What shape Brexit will take is still the question as the new year approaches.
In return for securing control of immigration as well as most of its money and laws, the U.K. will surrender most of its existing economic and trade ties, according to a new report by a group of academics.
“I’d put my mortgage on hard,” said Anand Menon, director of U.K. in a Changing Europe, an EU-funded research program based at King’s College London.
What is his reasoning? European leaders are unwilling to grant Britain any favors or encourage secession sentiment elsewhere and May wants to accommodate the pro-Brexit wing of her party.
The government will want to leave the tariff-free single market and likely the customs union too, predicts Angus Armstrong from the National Institute of Economic and Social Research. With services like finance hopefully included, that would necessitate a new free-trade agreement.
Armstrong said that although the U.K. will allow some of its workers preferential entry in order to win some access to the single market and would pay the EU, free movement of labor would end.
Catherine Barnard, a professor of European law at the University of Cambridge said that Europeans are already “playing hardball” by refusing to discuss the split and future trading relationship in parallel.
Money will be a potent issue if the EU tries to hold Britain to its budget commitments through 2020, reckoned Iain Begg, a politics professor at the London School of Economics.

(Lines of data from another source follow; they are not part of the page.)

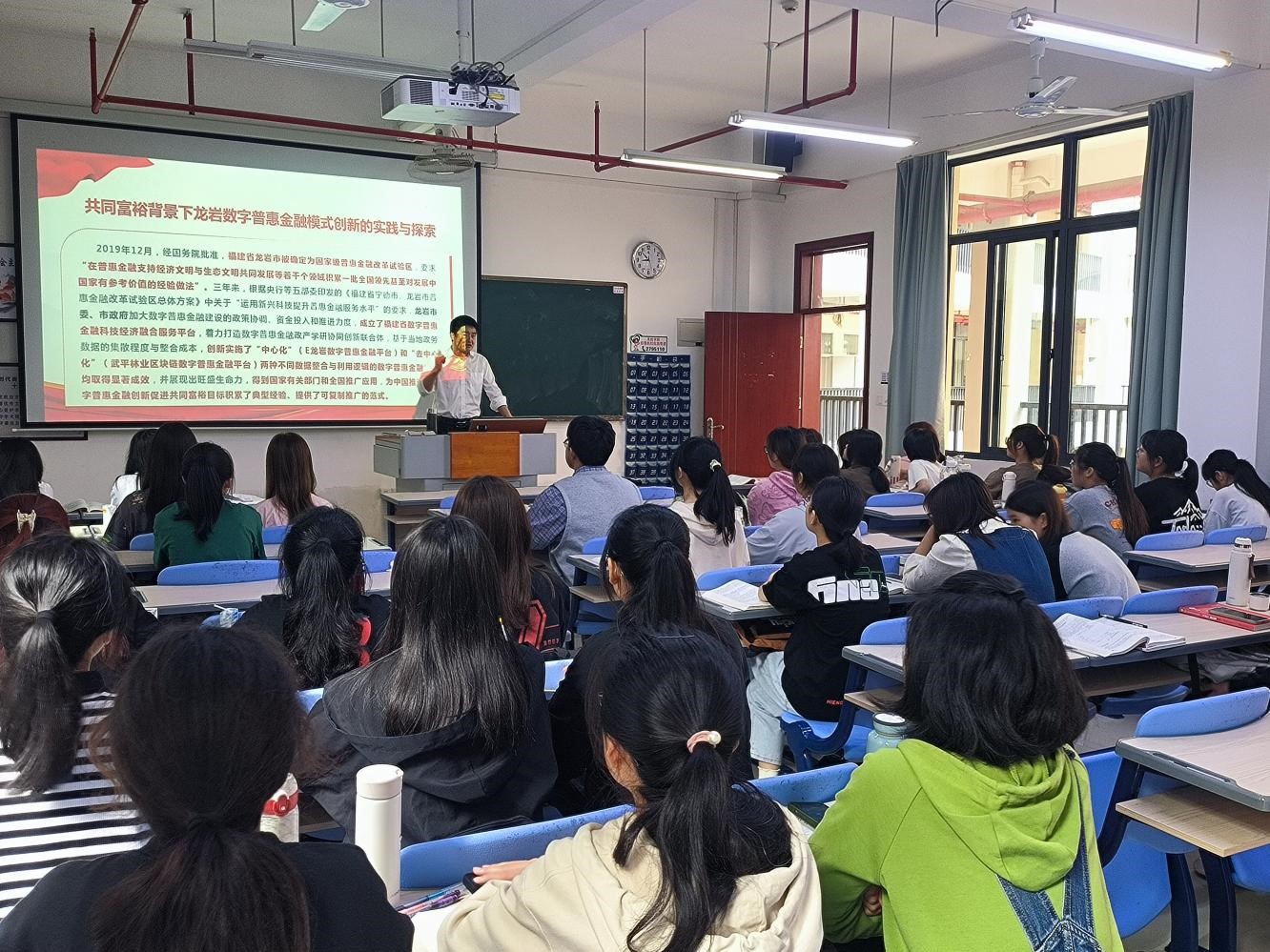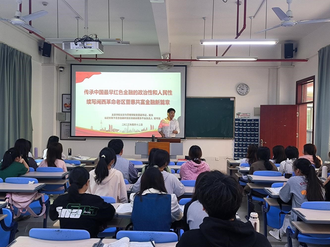 4月14日,经管学院院长、福建省数字普惠金融科技经济融合服务平台负责人黄可权教授以《传承中国最早红色金融的政治性和人民性续写闽西革命老区普惠金融新篇章》为题,为2022级经济与贸易类专业的140多名学生上思政课。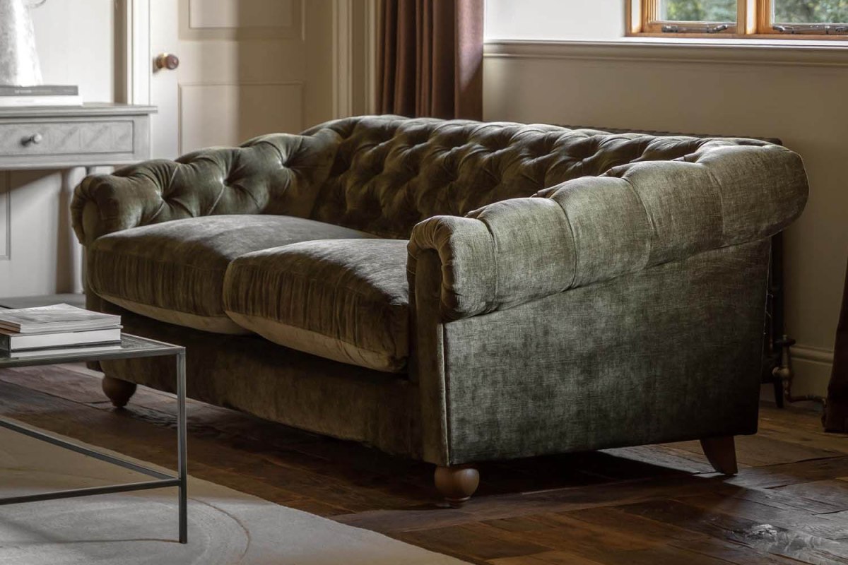 The Charleston 3 Seater Sofa brings character and refinement to your living space, blending classic design features with comfort suited to everyday use. Beautifully detailed with a deep-buttoned back, softly scrolled arms and a gently contoured silhouette, it creates a striking yet inviting focal point. Designed for lasting comfort, the seat cushions combine supportive foam and fibre fillings with pocket springs for excellent resilience and bounce. Solid ash legs provide a natural finishing touch, adding to the sense of quality and craftsmanship.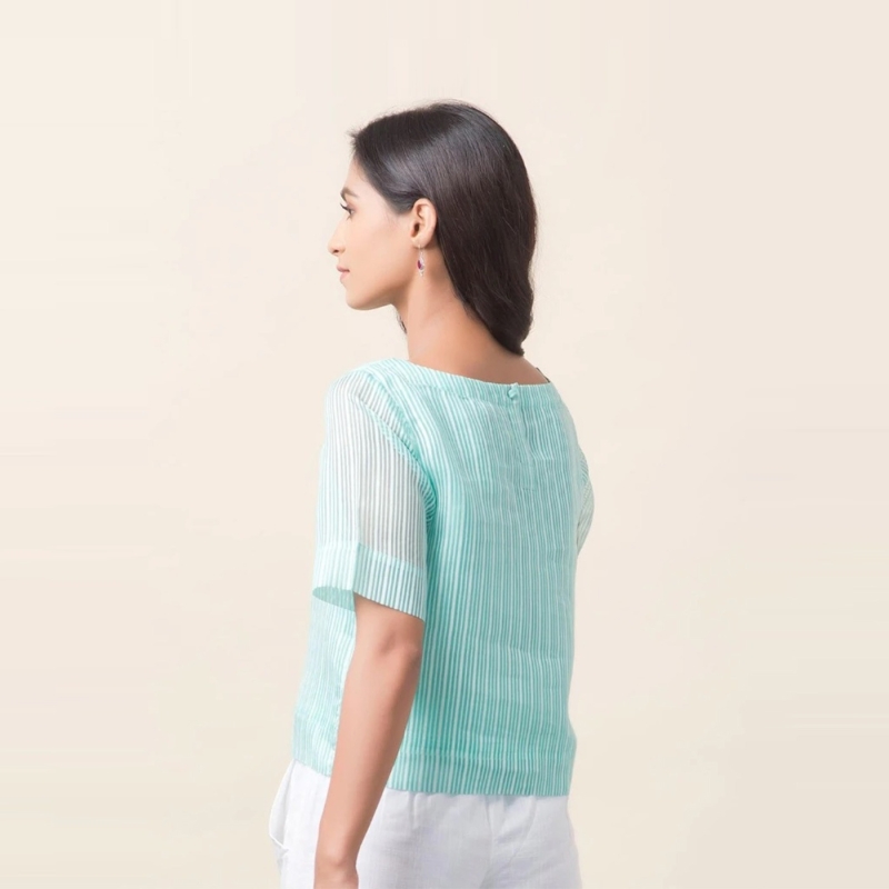 فيسكوز الحرير مخطط بلوزة قصيرة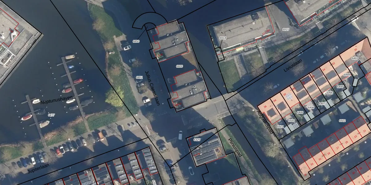 Julius Caesarlaan 42 is gelegen op kadastraal perceel LDN01T6600. Deze kadastrale aanduiding is uniek en wordt gebruikt door het Kadaster om eigendomsrechten en andere zakelijke rechten vast te leggen. Het perceel maakt onderdeel uit van de kadastrale gemeente Leiden.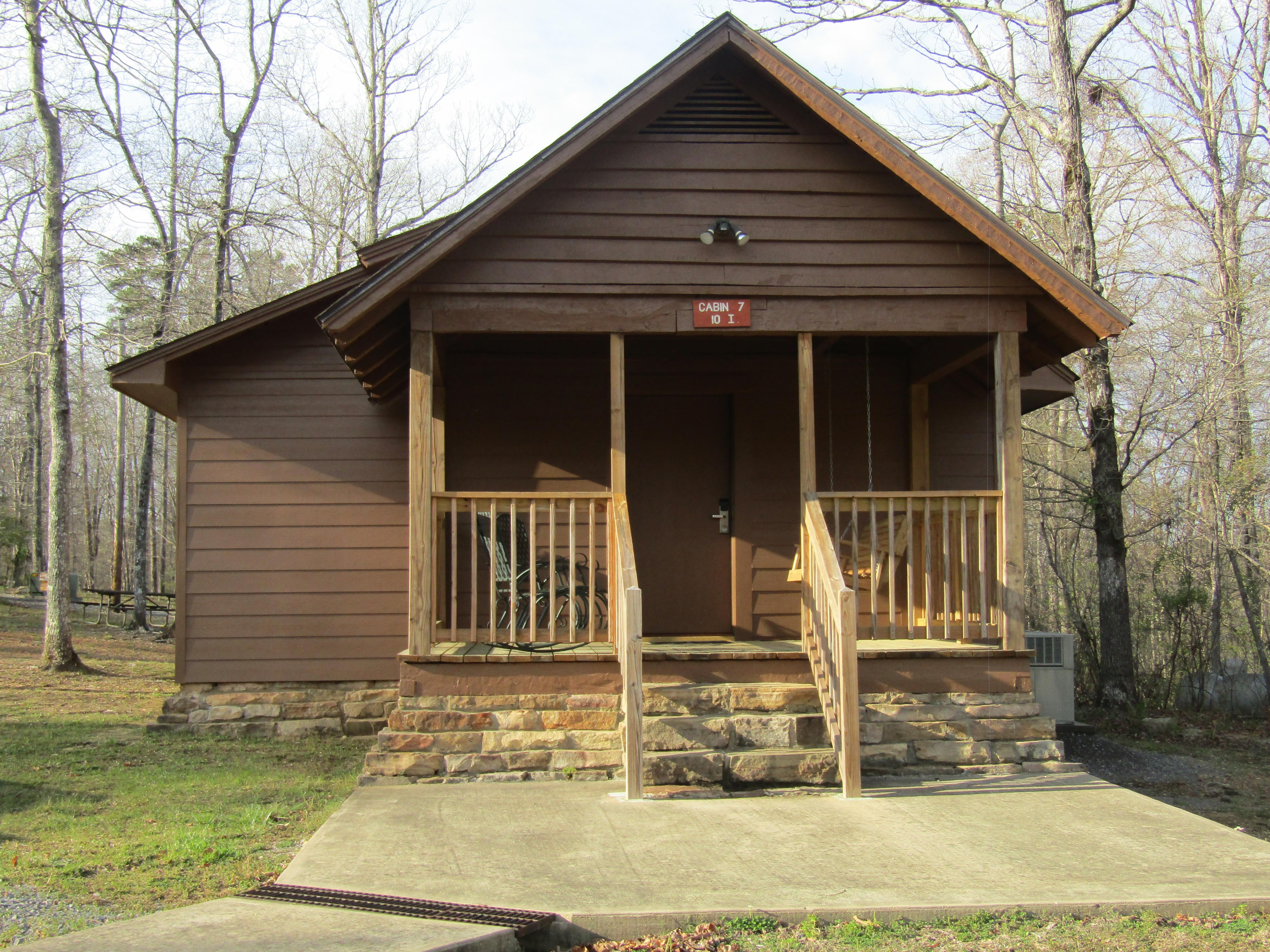Enjoy a peaceful getaway on Lookout Mountain in our fully furnished 1 Bedroom/1 Bath cabin! Cabin 7 accommodates a maximum of two (2) guests with one bedroom with a king size bed, full bathroom, an open living room with cable TV and fireplace, and a fully furnished kitchen. Cabin 7 has a beautiful front and back porch with a porch swing and rocking chairs to relax and reconnect with nature. All linens are supplied. Cabin 7 has a picnic table, charcoal grill, and campfire ring outside. Accommodates 2 adults.
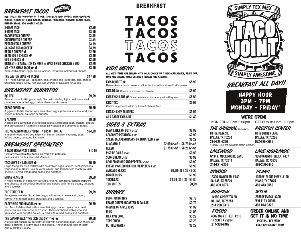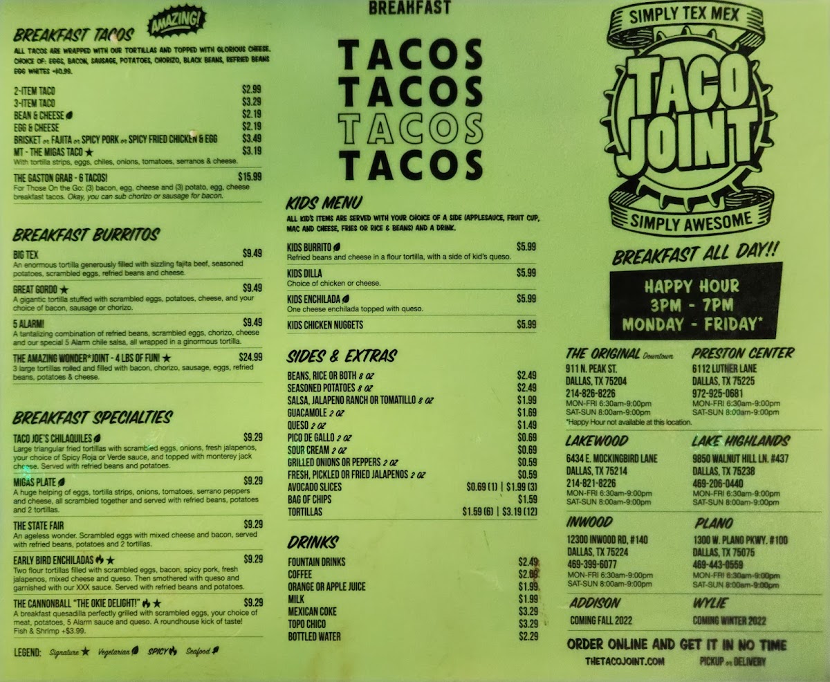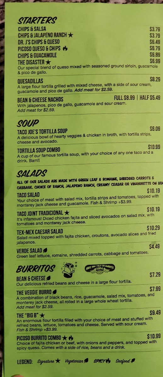 Welcome to Taco Joint Lakewood, a delightful Tex-Mex haven located at 6434 E Mockingbird Ln, Dallas. This vibrant eatery offers a diverse menu that caters to all cravings. Start with their The Disaster And Chips, a savory blend of queso, seasoned ground sirloin, and guacamole for just $9.59. For burrito lovers, the The Big B is an enormous flour tortilla filled with your choice of meat, complemented by refried beans, lettuce, and cheese, a true crowd-pleaser.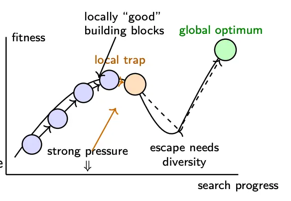 Selection amplifies locally attractive structure, but reducing diversity makes it harder to escape the trap.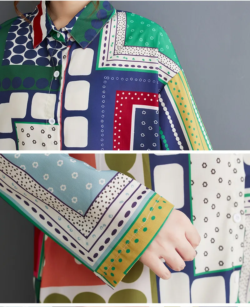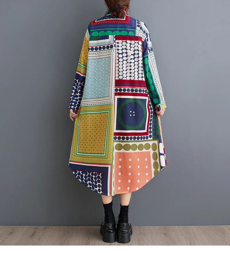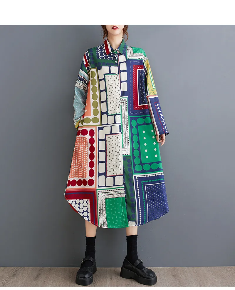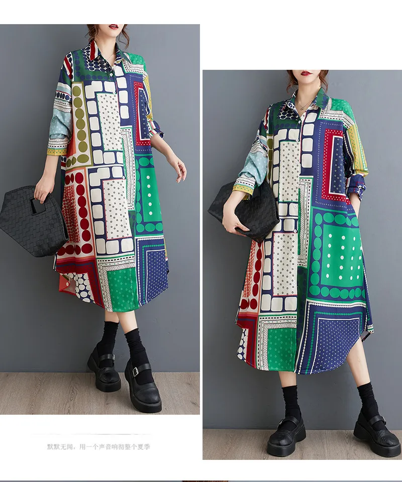 衣都精品- 新款時尚印花寬鬆大碼不規則長袖連衣裙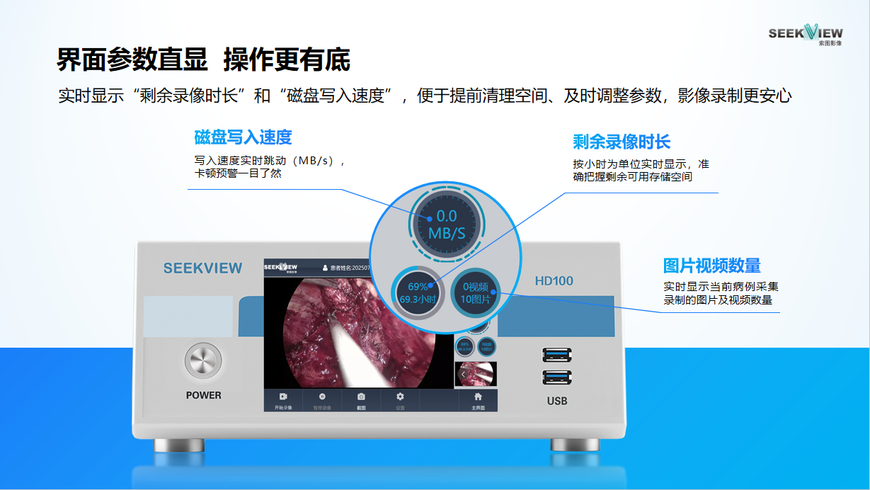 市面上多数医用刻录机只标配500GB–1TB存储空间,在4K录制模式下可能只支持数小时录像。而索图的高清刻录机标配4TB(可扩展至8TB);4K机型更直接标配8TB,是行业平均水平的4–8倍。这意味着一台设备即可连续录制数十小时高清手术视频,大幅减少因空间不足导致的中断风险,能一定程度满足科室的日常存储需求。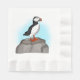 Geburtstag, Babydusche oder Jubiläumsnapkins. Digitale Kunsthandgezeichnete Puffin stehend auf einem Felsen mit blauem Hintergrund.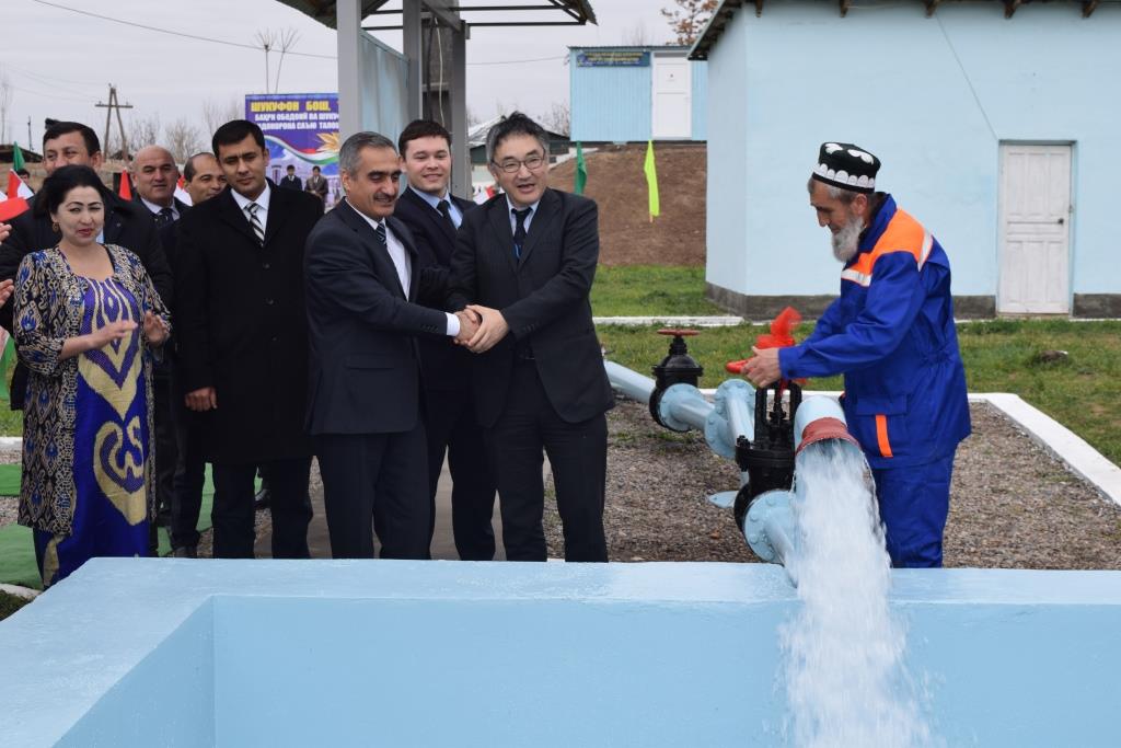 On February 21, Mr. Nakagaki visited Qubodiyon district and together with Mr. Zafar Fayzullozoda, chairperson of Qubodiyon district participated in the handover ceremony of “The Project for Improvement of Drinking Water System in Qubodiyon District.” Grant amount of USD 84,216 was allocated to the local authority of Qubodiyon district with the purpose of renovating pump stations and water pipeline system for provision of drinking water to dwellers of Qubodiyon town.

Challenging those who say a weakening of the economy or complaints from businesses will ultimately prompt both sides to soften their approach was Matthew Goodwin, a senior fellow at Chatham House. British voters would blame a lack of European flexibility for any fallout and so strengthen their resolve for a clean break, he predicted.
There is “little consistent evidence that people would vote any differently if the referendum was held again,” John Curtice, of the University of Strathclyde, said.
Consumers aren’t feeling that upbeat about 2017 either.
Data published on Friday showed that since July, the month after the referendum, the YouGov/Cebr consumer confidence index fell to its lowest level. Such sentiment about how people feel about their finances plunged to depths last seen two years ago.
“Looking ahead to 2017 there is a feeling that a slight slowdown is on the way,” said Scott Corfe, director at the Centre for Economics and Business Research.
Prime Minister May’s refusal to give a running commentary on her Brexit strategy has also left Queen Elizabeth disappointed. She stuck to her public line that “Brexit means Brexit” rather than offering the monarch the private briefing she’d hoped for when May visited the Queen in Balmoral in September, the Times reports.
According to Nomura and Bank of America Merrill Lynch, investors aren’t braced for a hard Brexit.
While Bank of America Merrill Lynch economist Gilles Moec said in a Bloomberg Television interview that there is a “bit of denial in the market”, Jordan Rochester, a currency strategist at Nomura, told clients in a report on Thursday that the market is “too complacent and optimistic.”
“It may be because market participants that were eligible to vote probably voted overwhelmingly to remain,” said Rochester.
“The market wants to hope that some sort of miracle is going to happen, some kind of soft Brexit is going to be on the menu,” said Moec.